Tübingen AI Center, University of Tübingen, Tübingen, Germany.
Department of Applied Mathematics, University of Twente, Enschede, The Netherlands.
Sci Rep. 2023 Jan 24;13(1):1309. doi: 10.1038/s41598-023-27672-7.
In this work, we ask for and answer what makes classical temporal-difference reinforcement learning with [Formula: see text]-greedy strategies cooperative. Cooperating in social dilemma situations is vital for animals, humans, and machines. While evolutionary theory revealed a range of mechanisms promoting cooperation, the conditions under which agents learn to cooperate are contested. Here, we demonstrate which and how individual elements of the multi-agent learning setting lead to cooperation. We use the iterated Prisoner's dilemma with one-period memory as a testbed. Each of the two learning agents learns a strategy that conditions the following action choices on both agents' action choices of the last round. We find that next to a high caring for future rewards, a low exploration rate, and a small learning rate, it is primarily intrinsic stochastic fluctuations of the reinforcement learning process which double the final rate of cooperation to up to 80%. Thus, inherent noise is not a necessary evil of the iterative learning process. It is a critical asset for the learning of cooperation. However, we also point out the trade-off between a high likelihood of cooperative behavior and achieving this in a reasonable amount of time. Our findings are relevant for purposefully designing cooperative algorithms and regulating undesired collusive effects.
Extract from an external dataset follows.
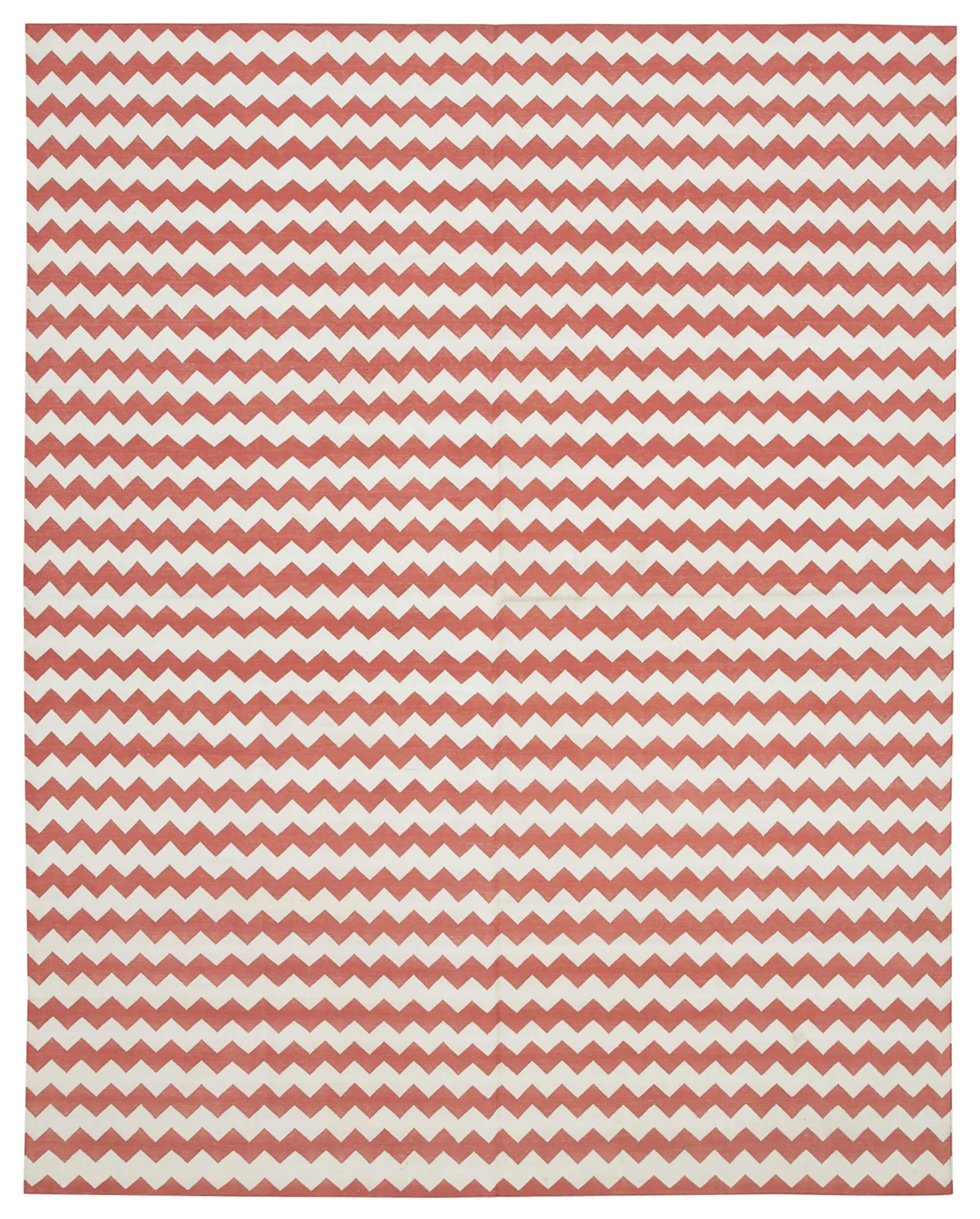 The rug features a striking zigzag pattern in vibrant red and cream, creating a dynamic visual appeal that can enhance any decor. The intricate weft and warp of cotton and wool ensure durability and a soft texture, making it ideal for high-traffic areas. The bold color palette and geometric design make this rug a standout piece, perfect for adding a touch of elegance and warmth to your living room, bedroom, or office space.

在这项工作中,我们提出并回答了是什么使得具有[公式:见文本]-贪婪策略的经典时间差分强化学习具有合作性。在社会困境情况下的合作对动物、人类和机器来说都是至关重要的。虽然进化理论揭示了一系列促进合作的机制,但学习合作的条件仍存在争议。在这里,我们展示了多智能体学习环境中的哪些因素以及如何导致合作。我们使用具有单周期记忆的迭代囚徒困境作为测试平台。两个学习代理中的每一个都学习一种策略,该策略根据上一轮两个代理的动作选择来条件化后续动作选择。我们发现,除了对未来奖励的高度关注、低探索率和小学习率外,强化学习过程中的内在随机波动主要将最终合作率提高到 80%。因此,内在噪声不是迭代学习过程的必要之恶。它是学习合作的关键资产。然而,我们也指出了在实现合作行为的高可能性和在合理的时间内实现这一目标之间的权衡。我们的发现对于有目的地设计合作算法和调节不良的勾结效应具有重要意义。